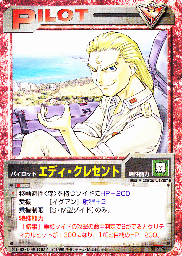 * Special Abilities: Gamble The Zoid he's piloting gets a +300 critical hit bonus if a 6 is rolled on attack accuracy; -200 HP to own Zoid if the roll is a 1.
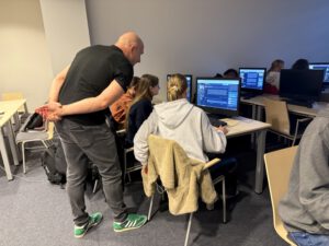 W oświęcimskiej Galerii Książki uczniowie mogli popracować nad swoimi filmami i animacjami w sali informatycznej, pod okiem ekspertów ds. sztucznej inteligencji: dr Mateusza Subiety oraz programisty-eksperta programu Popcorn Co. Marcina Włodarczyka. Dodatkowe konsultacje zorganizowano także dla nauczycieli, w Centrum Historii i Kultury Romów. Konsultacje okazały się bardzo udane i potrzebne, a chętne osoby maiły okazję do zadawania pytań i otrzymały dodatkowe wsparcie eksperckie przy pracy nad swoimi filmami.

· · · · ·

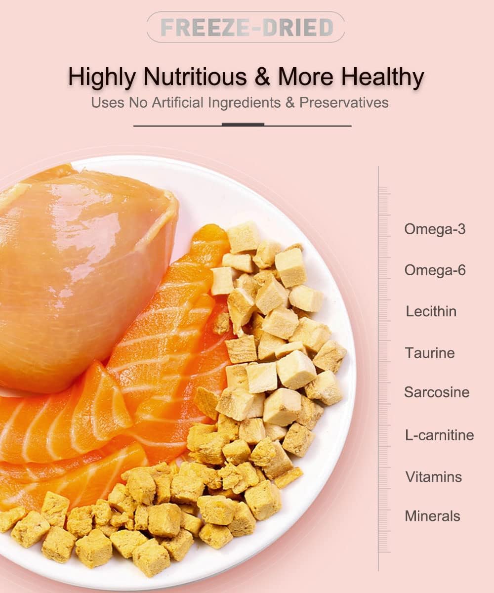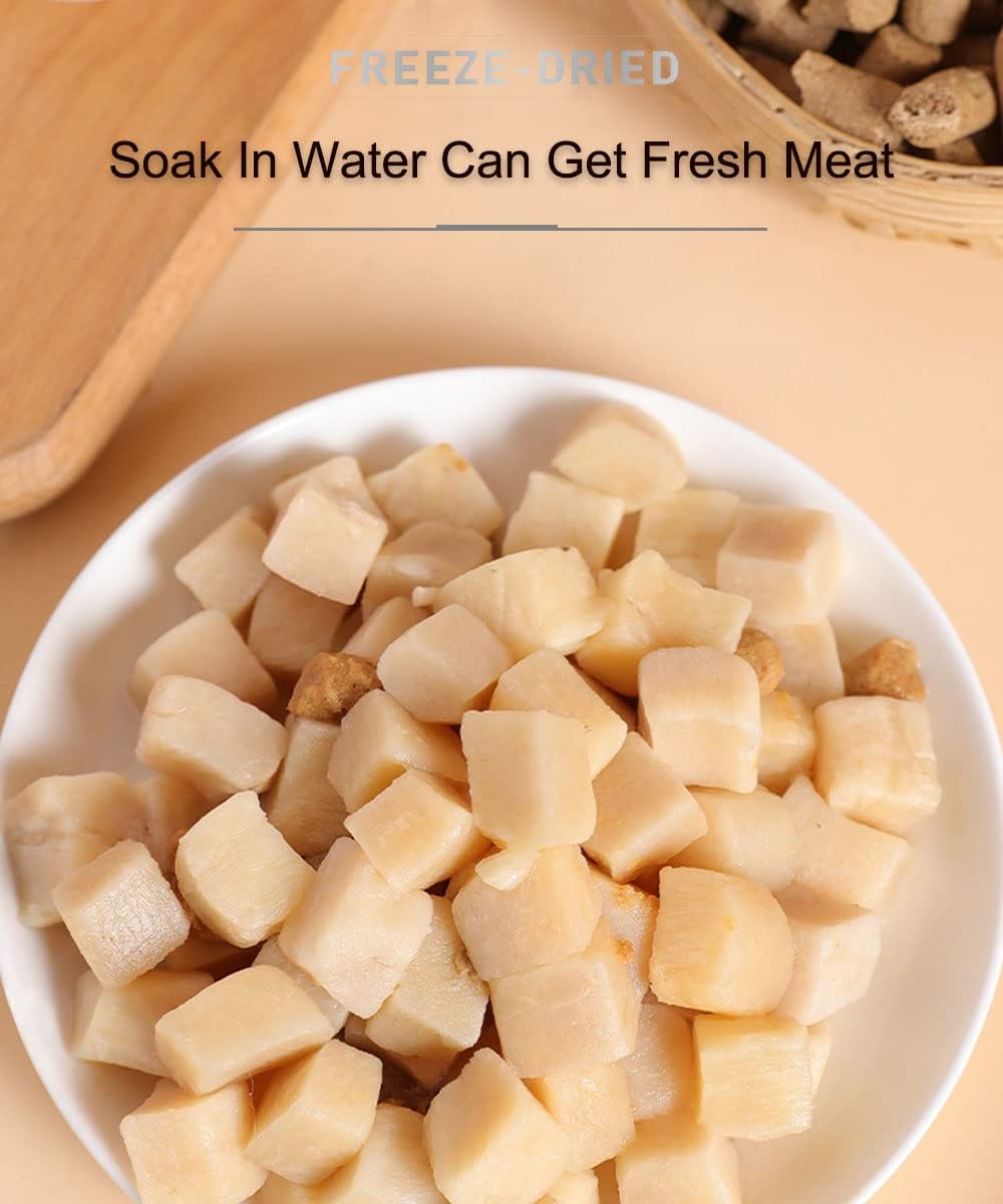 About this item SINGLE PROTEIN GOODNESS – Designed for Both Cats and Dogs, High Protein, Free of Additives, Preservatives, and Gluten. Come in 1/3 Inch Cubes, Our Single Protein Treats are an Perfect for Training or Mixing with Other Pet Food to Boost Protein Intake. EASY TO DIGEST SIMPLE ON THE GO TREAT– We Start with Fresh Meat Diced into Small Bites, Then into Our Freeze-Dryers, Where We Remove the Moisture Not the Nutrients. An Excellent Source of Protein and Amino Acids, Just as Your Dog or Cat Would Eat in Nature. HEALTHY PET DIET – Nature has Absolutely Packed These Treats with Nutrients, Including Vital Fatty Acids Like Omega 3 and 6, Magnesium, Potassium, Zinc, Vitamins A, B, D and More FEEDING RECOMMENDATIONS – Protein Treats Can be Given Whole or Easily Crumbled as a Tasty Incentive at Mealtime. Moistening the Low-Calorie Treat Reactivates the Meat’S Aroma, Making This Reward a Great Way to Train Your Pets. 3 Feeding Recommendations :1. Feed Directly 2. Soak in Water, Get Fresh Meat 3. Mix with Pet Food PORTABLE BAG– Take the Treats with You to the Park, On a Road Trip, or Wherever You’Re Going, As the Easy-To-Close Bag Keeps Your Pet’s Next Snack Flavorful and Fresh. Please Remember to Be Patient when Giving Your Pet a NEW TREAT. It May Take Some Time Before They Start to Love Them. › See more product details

· · · · ·

What you should do: Reproduce the listing above exactly from the line containing "roll is a 1." up to and including the line containing "W oświęcimskiej Galerii", omitting any images and everything outside those lines.

Result:
 * Special Abilities: Gamble The Zoid he's piloting gets a +300 critical hit bonus if a 6 is rolled on attack accuracy; -200 HP to own Zoid if the roll is a 1.
 W oświęcimskiej Galerii Książki uczniowie mogli popracować nad swoimi filmami i animacjami w sali informatycznej, pod okiem ekspertów ds. sztucznej inteligencji: dr Mateusza Subiety oraz programisty-eksperta programu Popcorn Co. Marcina Włodarczyka. Dodatkowe konsultacje zorganizowano także dla nauczycieli, w Centrum Historii i Kultury Romów. Konsultacje okazały się bardzo udane i potrzebne, a chętne osoby maiły okazję do zadawania pytań i otrzymały dodatkowe wsparcie eksperckie przy pracy nad swoimi filmami.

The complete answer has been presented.